> _What the task asks_: Working through the data below, reproduce word for word the line with "2016年12月25日,老中" and every line after it, both ends included, and omit the pictures.

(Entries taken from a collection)
##########

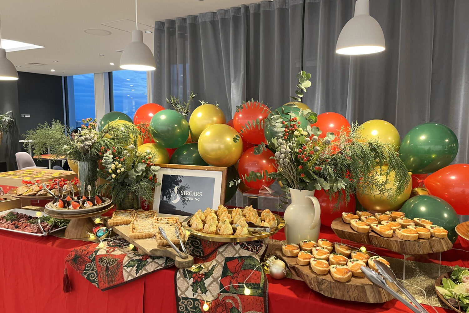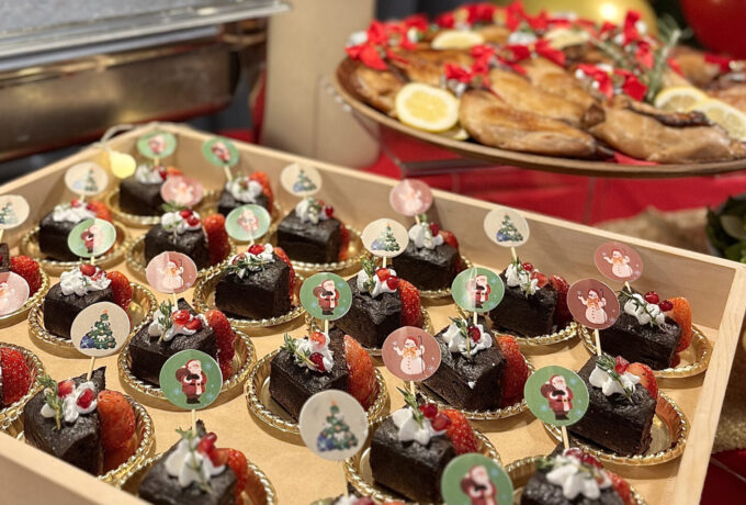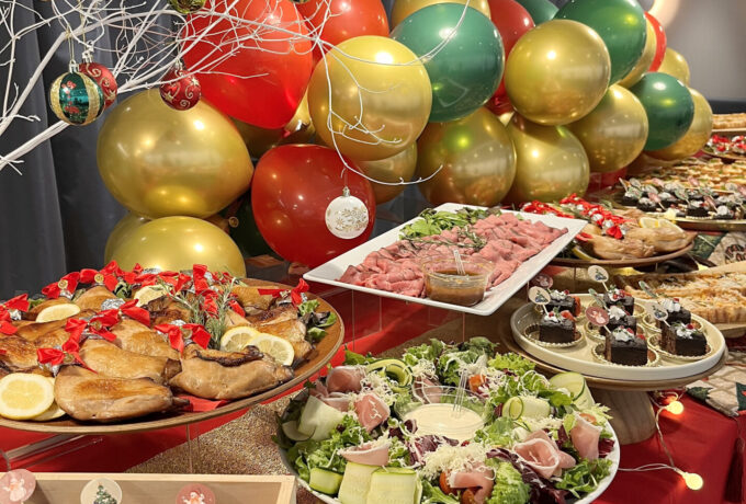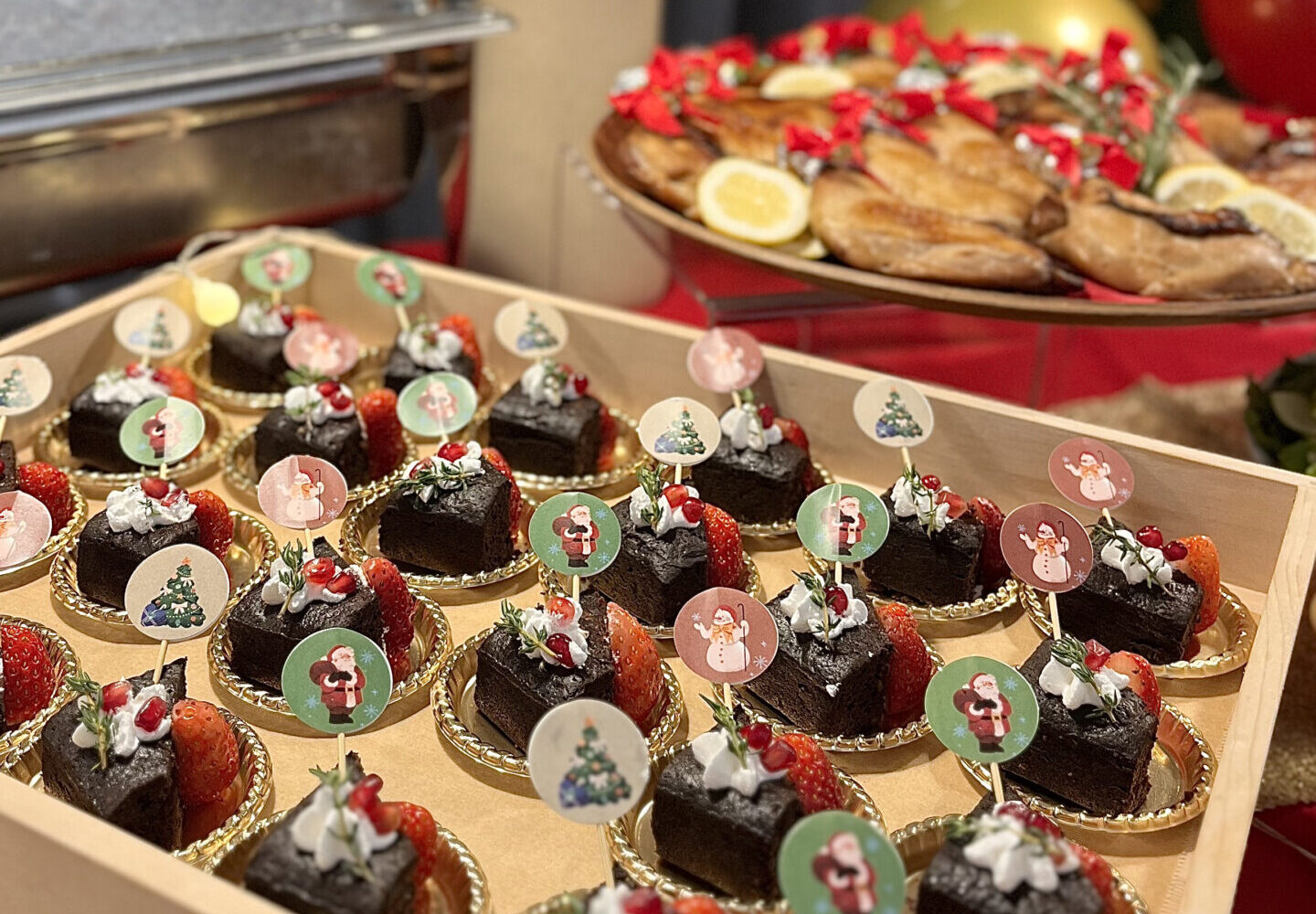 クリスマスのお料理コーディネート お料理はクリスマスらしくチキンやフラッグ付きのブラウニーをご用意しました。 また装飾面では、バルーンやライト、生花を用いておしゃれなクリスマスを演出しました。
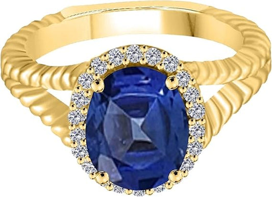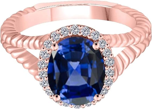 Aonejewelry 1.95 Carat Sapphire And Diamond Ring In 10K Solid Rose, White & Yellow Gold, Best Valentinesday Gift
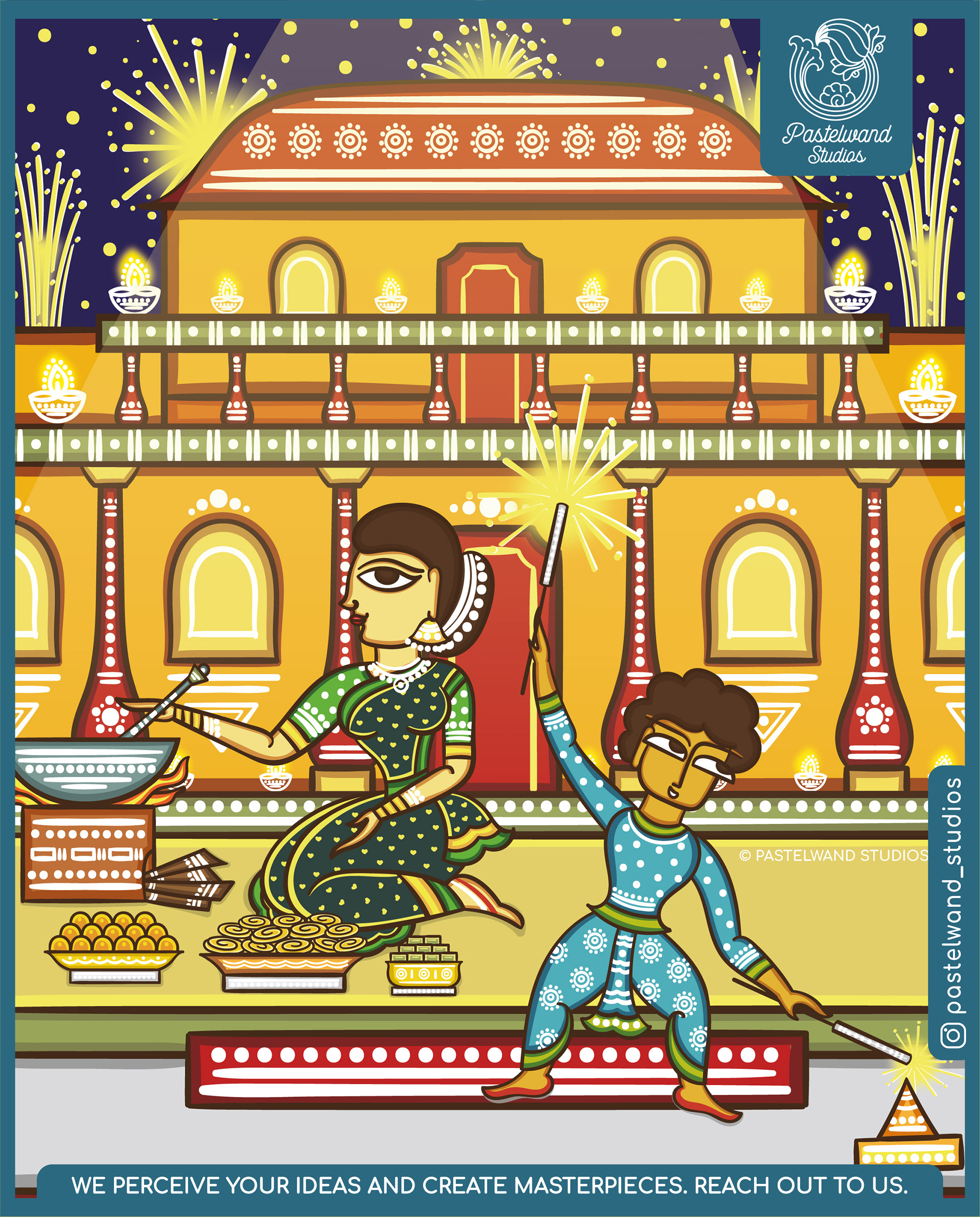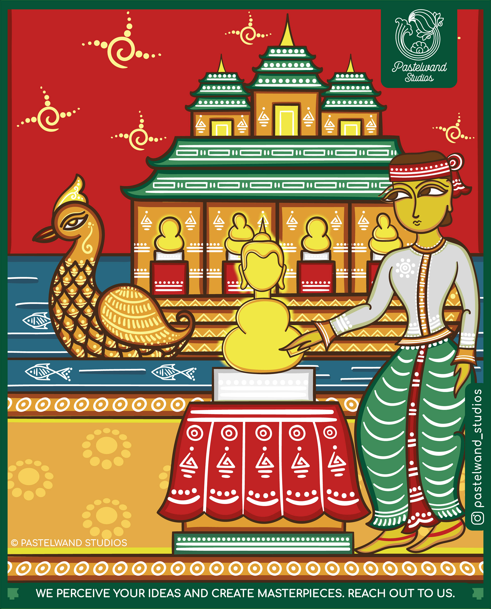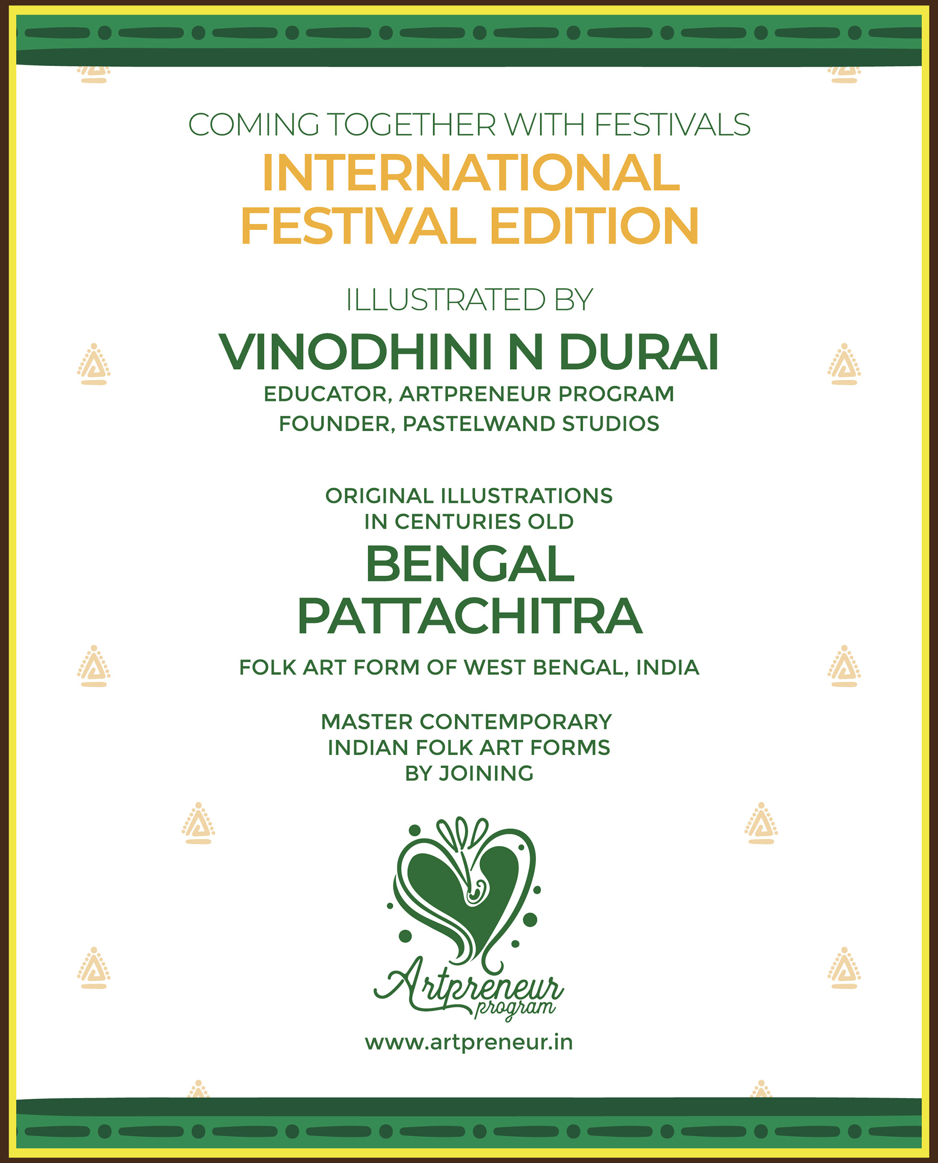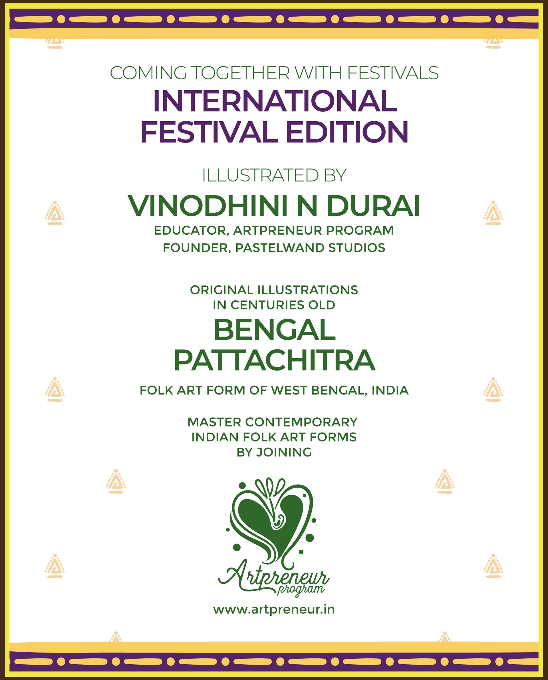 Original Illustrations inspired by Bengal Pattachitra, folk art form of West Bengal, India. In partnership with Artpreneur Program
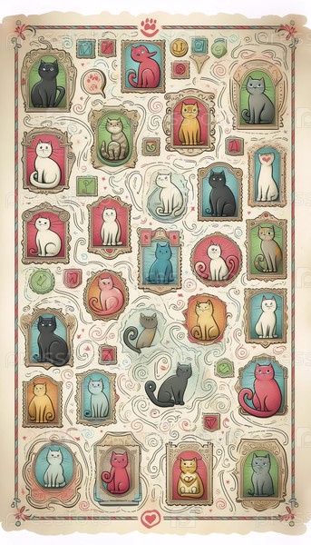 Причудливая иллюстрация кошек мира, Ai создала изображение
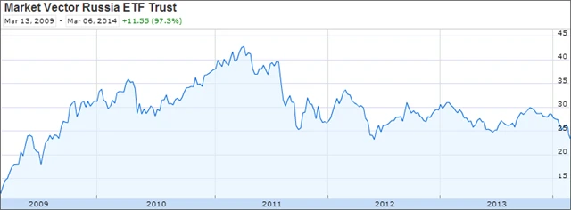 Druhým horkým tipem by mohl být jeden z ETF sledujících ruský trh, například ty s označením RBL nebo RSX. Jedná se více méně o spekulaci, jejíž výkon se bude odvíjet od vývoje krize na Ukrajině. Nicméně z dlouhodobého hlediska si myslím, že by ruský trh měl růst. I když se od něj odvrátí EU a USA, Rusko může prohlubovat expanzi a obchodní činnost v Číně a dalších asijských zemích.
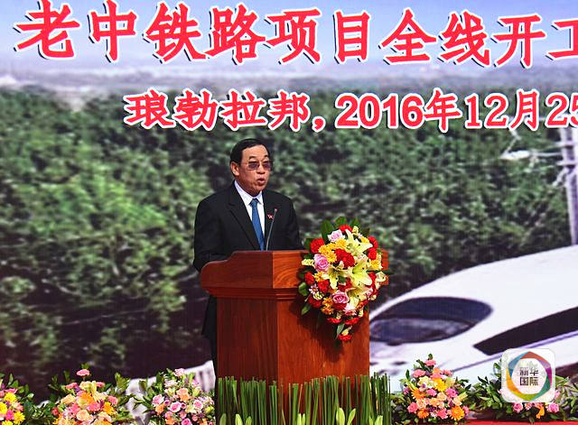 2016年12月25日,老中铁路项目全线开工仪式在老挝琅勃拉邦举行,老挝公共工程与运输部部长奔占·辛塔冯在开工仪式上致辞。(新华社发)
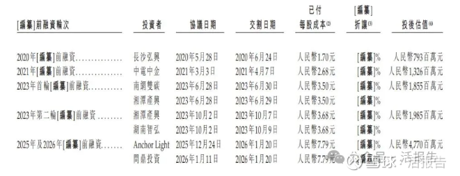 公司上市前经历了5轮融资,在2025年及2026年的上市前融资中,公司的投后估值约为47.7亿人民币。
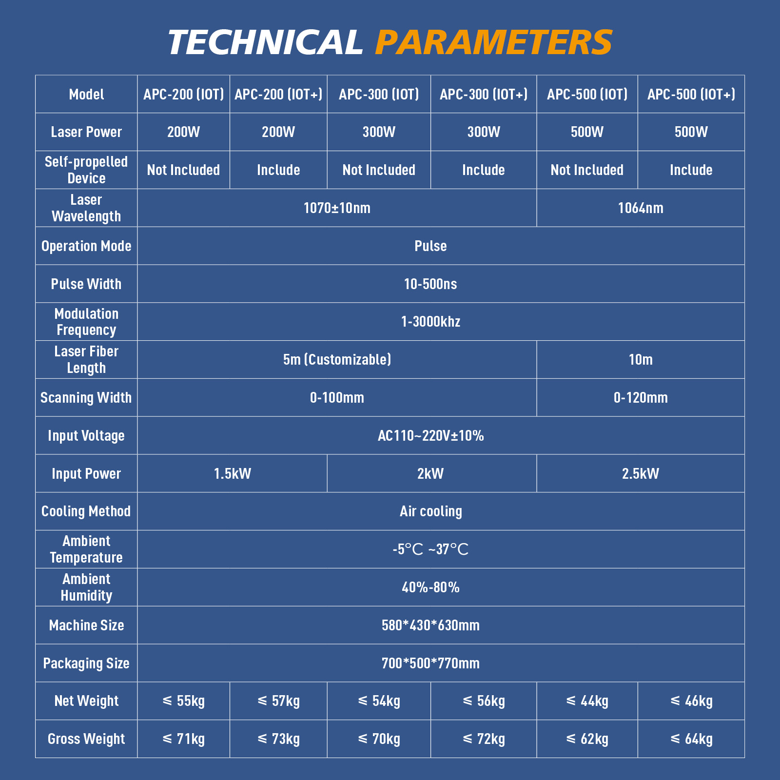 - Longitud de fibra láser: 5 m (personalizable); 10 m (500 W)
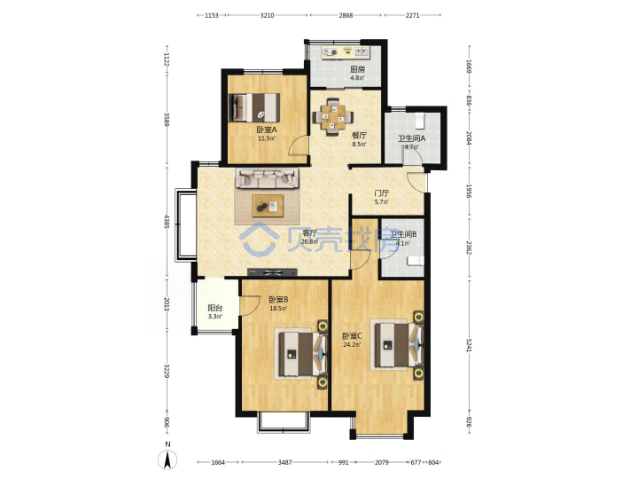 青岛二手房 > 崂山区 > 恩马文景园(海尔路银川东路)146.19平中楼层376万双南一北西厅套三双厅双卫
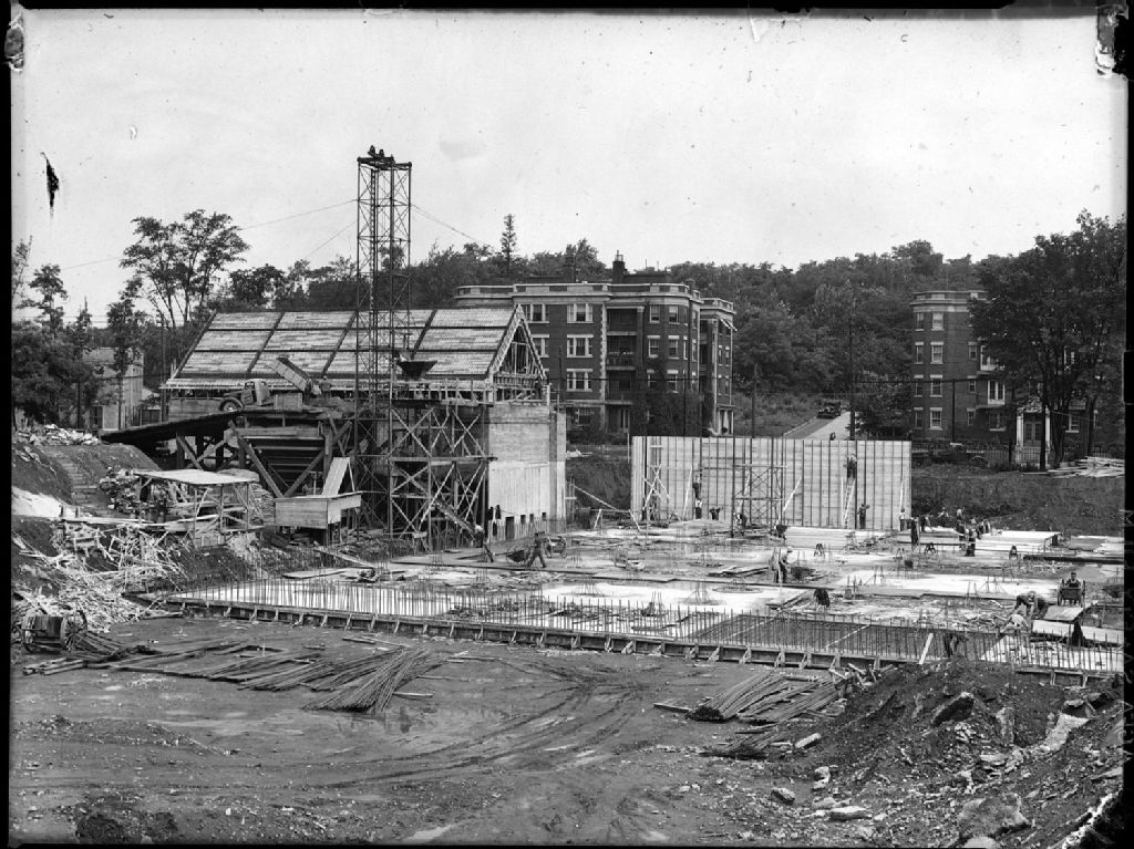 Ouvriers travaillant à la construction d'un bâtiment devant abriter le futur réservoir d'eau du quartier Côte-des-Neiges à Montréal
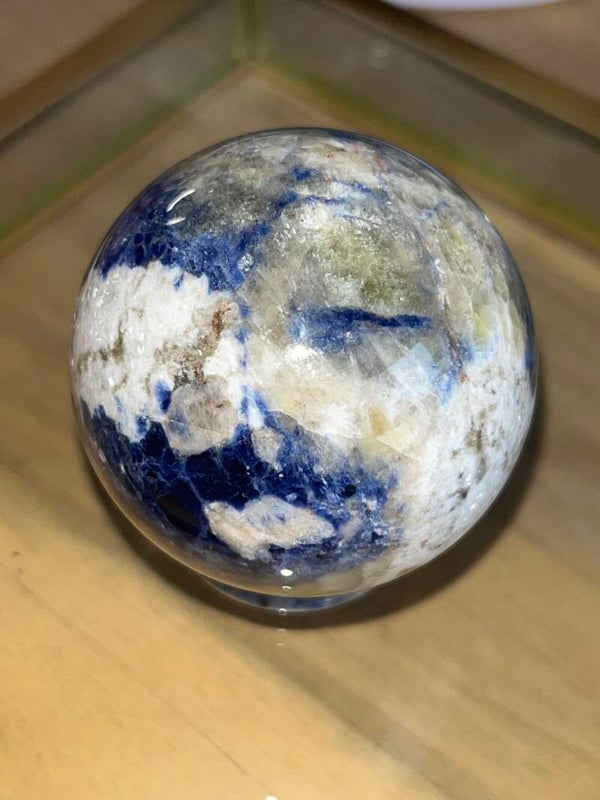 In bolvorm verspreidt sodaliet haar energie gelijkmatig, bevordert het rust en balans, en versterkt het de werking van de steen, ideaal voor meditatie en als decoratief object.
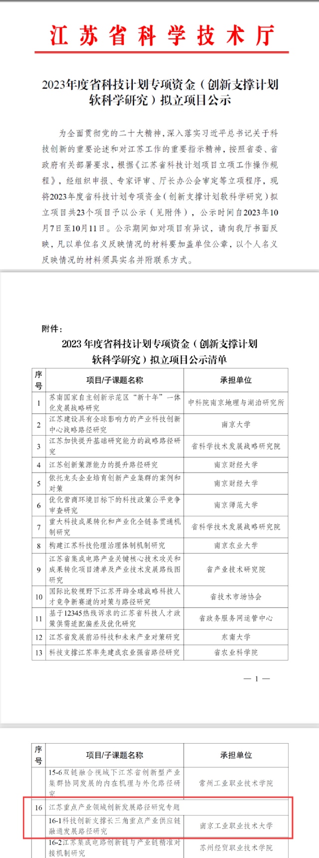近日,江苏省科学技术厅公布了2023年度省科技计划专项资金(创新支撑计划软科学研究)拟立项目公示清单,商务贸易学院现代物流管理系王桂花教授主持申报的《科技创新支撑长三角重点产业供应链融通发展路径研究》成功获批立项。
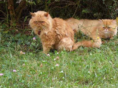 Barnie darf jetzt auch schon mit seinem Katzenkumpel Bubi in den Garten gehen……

##########

> _Exercise output_:
 2016年12月25日,老中铁路项目全线开工仪式在老挝琅勃拉邦举行,老挝公共工程与运输部部长奔占·辛塔冯在开工仪式上致辞。(新华社发)
 公司上市前经历了5轮融资,在2025年及2026年的上市前融资中,公司的投后估值约为47.7亿人民币。
 - Longitud de fibra láser: 5 m (personalizable); 10 m (500 W)
 青岛二手房 > 崂山区 > 恩马文景园(海尔路银川东路)146.19平中楼层376万双南一北西厅套三双厅双卫
 Ouvriers travaillant à la construction d'un bâtiment devant abriter le futur réservoir d'eau du quartier Côte-des-Neiges à Montréal
 In bolvorm verspreidt sodaliet haar energie gelijkmatig, bevordert het rust en balans, en versterkt het de werking van de steen, ideaal voor meditatie en als decoratief object.
近日,江苏省科学技术厅公布了2023年度省科技计划专项资金(创新支撑计划软科学研究)拟立项目公示清单,商务贸易学院现代物流管理系王桂花教授主持申报的《科技创新支撑长三角重点产业供应链融通发展路径研究》成功获批立项。
 Barnie darf jetzt auch schon mit seinem Katzenkumpel Bubi in den Garten gehen……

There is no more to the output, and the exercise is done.